Thursday, 23 July 2015

Cycling Data: Knowledge, Intelligence and Competitive Advantage

Choosing a topic this week to kick off this blog was pretty easy; my passion for cycling, and the final week of the Tour de France have combined to provide the ideal topic - the debate over access to cyclists data as part of the quest to ensure that the sport maintains its vision to be drug and doping free.

Chris Froome has been at the center of the storm this week, not least because of intense speculation after his performance during stage 10; fueled by an interview on the host broadcaster France 2 where athletics coach and physiologist Pierre Sallet was reported to say that "Froome's power output was 'abnormally high' ".

Sallet is well known in cycling, and back in 2010 commented on a proposal to set a theoretical limit on VO2 Max (a measure of ability to perform sustained exercise) above which it was assumed a rider was cheating. A key component to calculating VO2 Max is a measure of power, and this is where the problem arises; measuring power can be done in two ways, via a power meter, or via an estimation or modeled approach. It's the latter that Sallet has done, and he is confident that after 10 years of research his model is within 2% of a directly measured approach. Whilst delving into the numbers Sallet admitted to using a higher weight estimate for Froome, than that quoted by Sky, but was still confident that the adjusted figures were abnormal.

Amidst all this debate Sky released a 'billion points of data' to the UK Anti-doping agency and Tim Kerrison, Sky's Head of Athlete Performance walked through this data at a special press conference.
The difficulty in assessing these metrics was highlighted by a single phrase from Kerrison: "It is difficult to identify the exact start point of the climb as there is no clear landmark defining the start."

With the debate and with this information we have a combination of factors that ring alarm bells with anyone involved in data and analytics:

multiple, inconsistent methods of calculating the same KPI - and using a mix of measures and estimates
inconsistency in the periods or distances over which the measures are taken
the issue of comparability - identifying what is abnormal (and an indicator of doping) as opposed to abnormal (and an indicator of high performance / capability)

Cycling's historic issues with doping immediately provide fertile ground for suspicion, and unfortunately it's all to easy for media coverage to pick up on this, focus on some isolated measures, or more dangerous, comment on specific measures and draw conclusions on this alone.

To be of use, analytics requires a clear objective, a goal and a well-thought approach about how all the available data can help to reach a meaningful conclusion.
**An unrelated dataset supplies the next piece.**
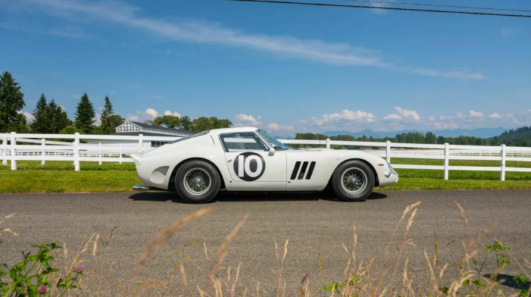 Загалом було виготовлено 36 екземплярів Ferrari 250 GTO, але лише один білого кольору. Більше того, це один із лише восьми автомобілів з правим кермом. Спортивний автомобіль також має багату гоночну історію. У 1962 та 1963 роках він посів друге місце у гонці RAC Tourist Trophy у Гудвуді, а пізніше виграв Guards Trophy на трасі Brands Hatch. За кермом цього Ferrari були такі пілоти, як Джек Сірс, Грем Гілл та Річі Гінтер.
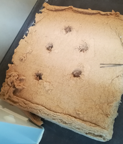 A gauche, à l’intérieur de la cellule expérimentale aux paramètres hygrothermiques contrôlés, Thierry Langlet , de l’université de Picardie, s’apprête à prélever une partie de l’isolant de la paroi. Ce carré de laine de bois, étudié à droite, est découpé en plusieurs points par Yves Andres, de l’IMT Atlantique, pour l’étude des prélèvements biologiques. Photos prises par le Cerema à l’Université de Picardie.

This takes skill, experience, but above all a through understanding of the nature of the available data. This was highlighted by Nicolas Portal, Sporting Director at Sky "it's all about who can interpret that [the data].......it's better to ask a proper specialist, and don't make some suspicion".

However despite all this concern over distortion and misrepresentation was a statement from Tim Kerrison at Sky which provided a reality check on why the data was so important: "We have a lot of data on our riders and the way we apply and use it, we see that gives us a competitive advantage. As in most industries, knowledge and intelligence is giving a competitive advantage."

No different to any other 'business', the more you understand what influences your overall performance, the more you can adjust, improve and gain an edge.